Peccato che il “Piano triennale di contrasto alla ludopatia e al gioco d’azzardo patologico” approvato dalla giunta comunale nei giorni scorsi, parta già spuntato: come riporta La Nuova Sardegna non ci sono soldi per attuarlo e sia nell’esecutivo sia nel Consiglio ristagna non poco scetticismo sull’iniziativa. Tanto che a due anni e mezzo dall’approvazione in Consiglio comunale della mozione con cui Palazzo ducale dichiarava guerra al gioco d’azzardo (era il febbraio 2014), ancora non è stato pubblicato il bando che consente ai titolari di bar e locali pubblici di accedere agli sgravi fiscali destinati agli esercenti che rinunciano alle slot machine.

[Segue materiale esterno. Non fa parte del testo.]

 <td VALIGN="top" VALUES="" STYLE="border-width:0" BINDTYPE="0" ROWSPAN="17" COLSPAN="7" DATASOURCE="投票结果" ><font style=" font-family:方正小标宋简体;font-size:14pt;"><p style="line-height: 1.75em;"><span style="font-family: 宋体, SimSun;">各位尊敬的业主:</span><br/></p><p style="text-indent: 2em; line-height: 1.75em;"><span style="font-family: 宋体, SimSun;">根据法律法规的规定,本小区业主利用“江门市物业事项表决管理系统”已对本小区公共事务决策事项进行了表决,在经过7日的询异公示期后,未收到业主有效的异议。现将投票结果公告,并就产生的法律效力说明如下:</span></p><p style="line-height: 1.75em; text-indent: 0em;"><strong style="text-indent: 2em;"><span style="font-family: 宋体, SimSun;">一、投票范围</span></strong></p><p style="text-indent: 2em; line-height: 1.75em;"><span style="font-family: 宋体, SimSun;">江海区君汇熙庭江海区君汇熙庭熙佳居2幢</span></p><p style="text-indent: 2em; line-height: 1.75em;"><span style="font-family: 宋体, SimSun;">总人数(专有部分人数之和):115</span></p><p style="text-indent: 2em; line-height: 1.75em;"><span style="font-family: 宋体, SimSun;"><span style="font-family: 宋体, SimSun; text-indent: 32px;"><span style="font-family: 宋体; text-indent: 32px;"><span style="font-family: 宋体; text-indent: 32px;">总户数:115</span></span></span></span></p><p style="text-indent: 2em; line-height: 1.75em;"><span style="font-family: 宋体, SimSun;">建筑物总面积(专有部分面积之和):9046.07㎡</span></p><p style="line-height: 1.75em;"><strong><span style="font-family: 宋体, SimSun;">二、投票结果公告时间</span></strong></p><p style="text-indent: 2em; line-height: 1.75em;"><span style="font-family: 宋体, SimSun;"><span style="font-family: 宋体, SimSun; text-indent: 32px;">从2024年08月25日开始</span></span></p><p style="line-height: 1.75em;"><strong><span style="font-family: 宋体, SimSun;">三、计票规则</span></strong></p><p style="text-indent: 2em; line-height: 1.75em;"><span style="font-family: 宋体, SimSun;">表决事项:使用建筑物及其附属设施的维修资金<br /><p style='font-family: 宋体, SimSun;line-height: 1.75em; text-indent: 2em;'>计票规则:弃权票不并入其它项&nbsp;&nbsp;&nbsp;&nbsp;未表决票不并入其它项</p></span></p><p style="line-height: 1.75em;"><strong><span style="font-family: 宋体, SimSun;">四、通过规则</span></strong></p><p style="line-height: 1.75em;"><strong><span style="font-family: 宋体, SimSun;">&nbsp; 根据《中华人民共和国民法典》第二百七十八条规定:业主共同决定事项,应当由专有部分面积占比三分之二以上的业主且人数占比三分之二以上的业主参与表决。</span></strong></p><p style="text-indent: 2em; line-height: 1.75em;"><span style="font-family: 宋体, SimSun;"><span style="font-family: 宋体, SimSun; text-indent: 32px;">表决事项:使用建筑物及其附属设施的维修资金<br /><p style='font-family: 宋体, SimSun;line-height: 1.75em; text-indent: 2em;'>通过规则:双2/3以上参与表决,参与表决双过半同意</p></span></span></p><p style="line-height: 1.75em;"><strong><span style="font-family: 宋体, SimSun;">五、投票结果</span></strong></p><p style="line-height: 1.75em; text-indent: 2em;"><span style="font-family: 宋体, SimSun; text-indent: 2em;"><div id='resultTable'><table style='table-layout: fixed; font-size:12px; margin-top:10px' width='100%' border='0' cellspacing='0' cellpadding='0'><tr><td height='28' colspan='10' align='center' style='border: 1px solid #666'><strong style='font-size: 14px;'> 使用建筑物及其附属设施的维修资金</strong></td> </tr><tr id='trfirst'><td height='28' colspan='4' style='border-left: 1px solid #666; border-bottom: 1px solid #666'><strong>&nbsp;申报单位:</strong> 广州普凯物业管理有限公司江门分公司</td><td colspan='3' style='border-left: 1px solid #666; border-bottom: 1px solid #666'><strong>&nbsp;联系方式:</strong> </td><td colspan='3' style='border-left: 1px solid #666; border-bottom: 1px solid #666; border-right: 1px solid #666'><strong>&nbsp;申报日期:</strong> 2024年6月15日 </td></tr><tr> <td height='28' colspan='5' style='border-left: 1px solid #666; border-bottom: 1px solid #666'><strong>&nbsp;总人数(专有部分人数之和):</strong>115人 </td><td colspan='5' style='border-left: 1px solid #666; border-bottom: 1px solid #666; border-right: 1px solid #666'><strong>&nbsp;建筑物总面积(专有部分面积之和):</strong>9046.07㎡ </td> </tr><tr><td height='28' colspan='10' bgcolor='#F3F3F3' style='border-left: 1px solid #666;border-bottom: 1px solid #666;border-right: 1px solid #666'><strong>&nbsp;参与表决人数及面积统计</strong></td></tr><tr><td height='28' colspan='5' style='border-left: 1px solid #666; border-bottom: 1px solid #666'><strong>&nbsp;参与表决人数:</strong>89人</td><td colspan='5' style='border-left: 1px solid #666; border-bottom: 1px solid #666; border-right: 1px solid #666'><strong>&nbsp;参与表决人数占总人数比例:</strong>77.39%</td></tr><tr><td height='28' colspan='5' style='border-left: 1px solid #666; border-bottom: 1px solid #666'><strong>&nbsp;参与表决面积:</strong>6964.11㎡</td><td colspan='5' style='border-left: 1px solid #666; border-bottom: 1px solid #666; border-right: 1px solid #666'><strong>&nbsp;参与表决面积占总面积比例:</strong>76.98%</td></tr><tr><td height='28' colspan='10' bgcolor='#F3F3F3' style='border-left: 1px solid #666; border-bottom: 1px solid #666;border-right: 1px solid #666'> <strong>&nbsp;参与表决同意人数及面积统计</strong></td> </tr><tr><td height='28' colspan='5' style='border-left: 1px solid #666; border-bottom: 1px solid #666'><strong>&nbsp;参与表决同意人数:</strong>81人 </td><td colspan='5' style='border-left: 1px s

La scorsa estate un solo bar, rispondendo a un’iniziativa del comitato “Sassari No Slot”, si è liberato delle macchinette mangiasoldi. D’altronde gli ipotetici premi tributari promessi dal Comune sono un po’ poveri per invogliare gli esercenti ad abiurare al gioco d’azzardo: 1.000 euro l’anno di bonus su Imu, Tosap e imposta pubblicità, a fronte di guadagni che si aggirano intorno ai 5mila a macchinetta.

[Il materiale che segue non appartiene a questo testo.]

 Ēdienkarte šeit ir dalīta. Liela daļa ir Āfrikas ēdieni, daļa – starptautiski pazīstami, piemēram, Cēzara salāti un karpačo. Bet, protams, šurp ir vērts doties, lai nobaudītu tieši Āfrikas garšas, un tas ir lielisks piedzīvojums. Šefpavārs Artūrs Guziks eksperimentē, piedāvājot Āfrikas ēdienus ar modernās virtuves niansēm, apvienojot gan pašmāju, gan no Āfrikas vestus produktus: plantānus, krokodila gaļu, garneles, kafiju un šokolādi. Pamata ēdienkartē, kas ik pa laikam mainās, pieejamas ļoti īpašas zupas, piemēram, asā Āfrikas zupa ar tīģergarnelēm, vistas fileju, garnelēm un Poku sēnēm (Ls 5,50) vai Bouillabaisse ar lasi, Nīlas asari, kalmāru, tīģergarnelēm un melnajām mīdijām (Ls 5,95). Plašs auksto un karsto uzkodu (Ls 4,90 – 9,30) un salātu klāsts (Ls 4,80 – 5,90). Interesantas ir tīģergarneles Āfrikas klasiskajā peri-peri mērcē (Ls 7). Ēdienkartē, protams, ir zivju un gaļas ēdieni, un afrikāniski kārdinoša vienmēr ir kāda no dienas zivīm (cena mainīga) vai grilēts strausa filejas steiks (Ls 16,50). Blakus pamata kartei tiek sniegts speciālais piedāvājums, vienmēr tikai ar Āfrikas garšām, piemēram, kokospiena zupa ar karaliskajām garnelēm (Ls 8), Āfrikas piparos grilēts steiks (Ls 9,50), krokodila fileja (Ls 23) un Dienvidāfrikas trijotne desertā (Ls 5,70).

Il programma approvato dalla giunta è comunque audace, è stato formulato con il contributo delle Serd (il Servizio dipendenze della Asl di Sassari) e delle associazioni che in città si preoccupano di contrastare il fenomeno, e si muove su più fronti. Tra gli obiettivi: istituire un osservatorio sulla ludopatia, avviare attività di formazione per gli operatori dei servizi sociali comunali, portare avanti iniziative di sensibilizzazione dei cittadini sul problema, rafforzare l’attività di prevenzione primaria con politiche sociali mirate. «È un programma che coinvolge il Serd e le associazioni cittadine e che tiene conto non solo del fenomeno slot machine ma di tutti i complicati aspetti, sanitari, economici e sociali derivati o collegati al gioco d’azzardo», spiega l’assessore alle Politiche sociali, Monica Spanedda.

Anche in maggioranza il programma di contrasto adottato lascia qualche dubbio: «I contributi del Comune sono solo un premio etico a chi rinuncia alle slot nel proprio locale – commenta l’assessore al Bilancio, Alessio Marras – la cifra di per sé è irrisoria rispetto ai mancati guadagni, e in Bilancio non possiamo destinare grandi risorse agli sgravi. Per il prossimo anno prevediamo di stanziare circa 10mila euro, poi pubblicheremo il bando per le adesioni. Ma le vere azioni devono essere fatte dal Governo nazionale, gli enti locali possono ben poco».